留置所内で、ガブリエルがマディソンの後頭部を割って現れるシーンは、本当にギョエ~ッ!!
JWホラーはドラマも疎かにならないのが魅力。
衝撃展開と強烈正体、ワン初のR18バイオレンス描写を散りばめつつ、
ガブリエルに支配されたマディソンがそれに立ち向かう様。過去やトラウマとの対峙。
家族との絆。特に“姉妹愛”はドラマの肝。
血を分け身体が繋がった悪の兄弟より、血は繋がっていないものの“愛”で繋がった姉妹。

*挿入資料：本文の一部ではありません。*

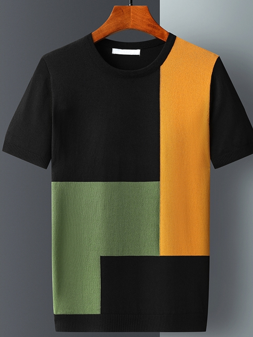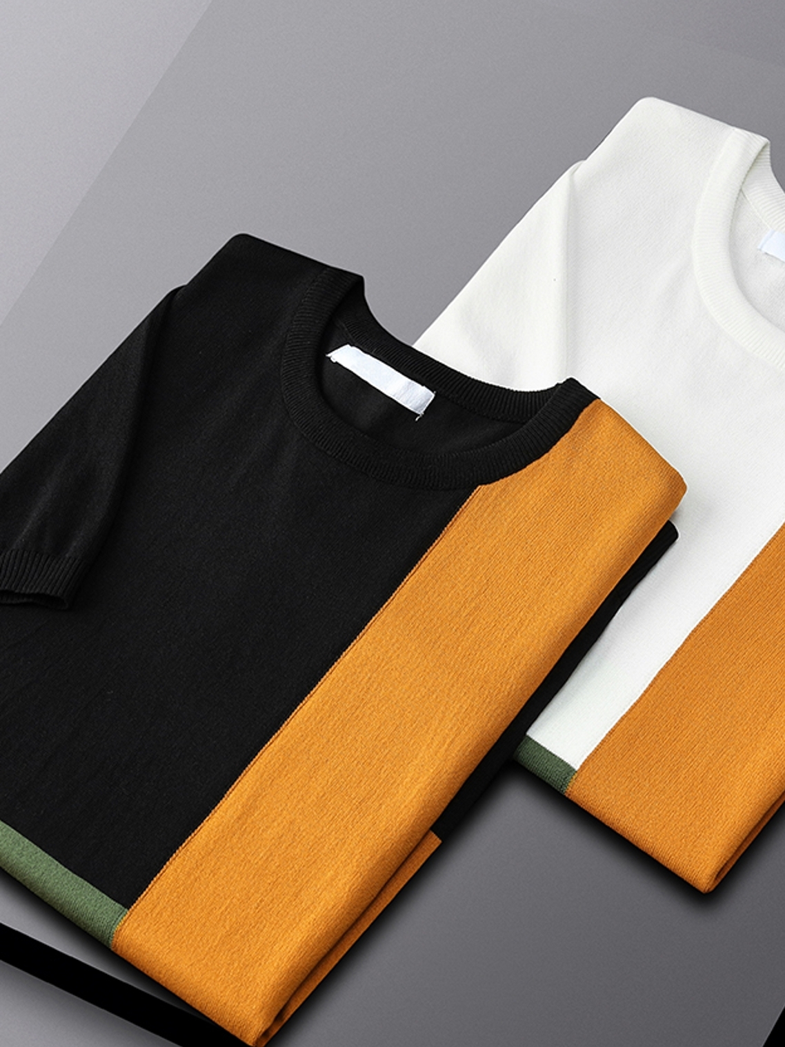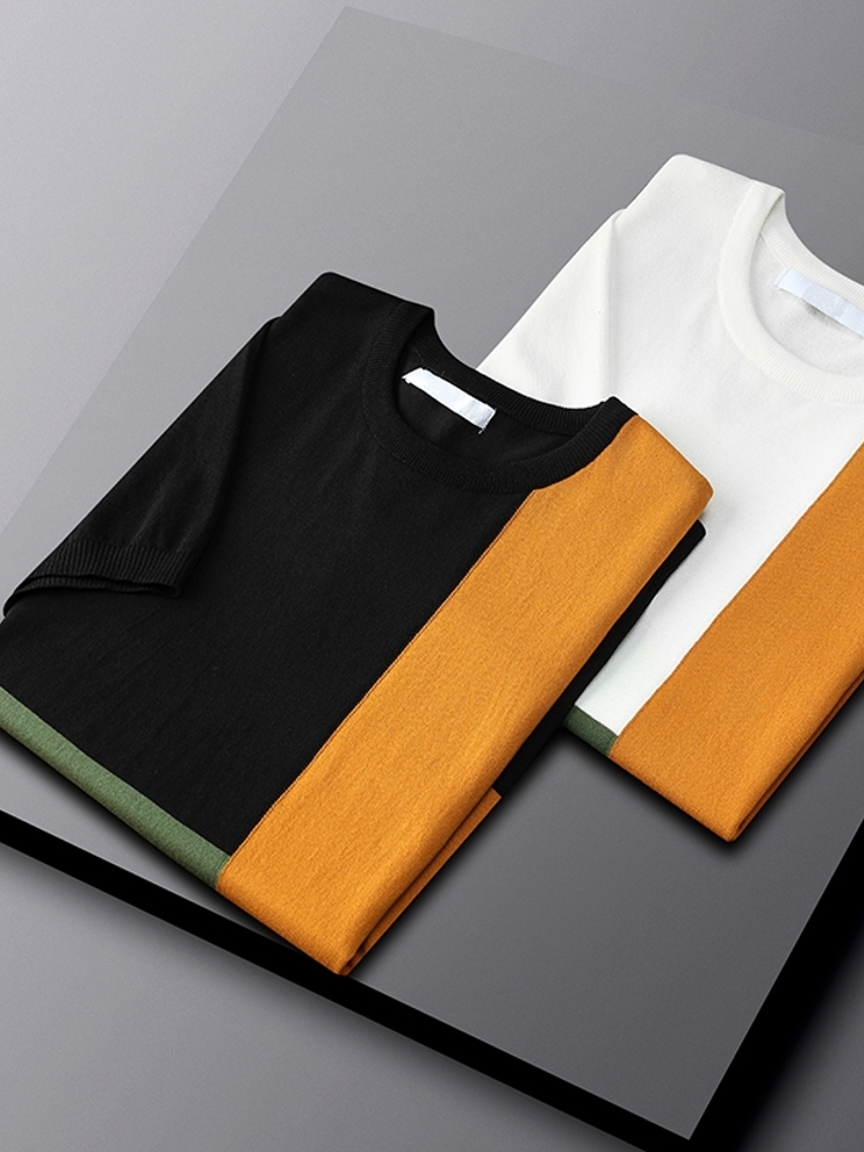 撞色拼接的颜色设计,让这款短袖的设计感十足,尽显活力。简洁圆领,配合短袖设计,显瘦又轻松随意。

『アクアマン』を成功させ、『2』の前に手掛けた本作。
大作アクションの間に箸休め、一休止…などではない!
ジェームズ・ワンの“本気(マジ)ホラー”を見れて、その健在ぶりにゾクゾク興奮した!
聞く所によると、本作のアイデアはワンの奥さんからだとか。
ホラー・マスターの奥さんも、“ホラー・マスター・ワイフ”!
(ちなみに奥さんは本作にも出演している女優イングリッド・ビスで、片思いの監察官をユーモラス&キュートに好演)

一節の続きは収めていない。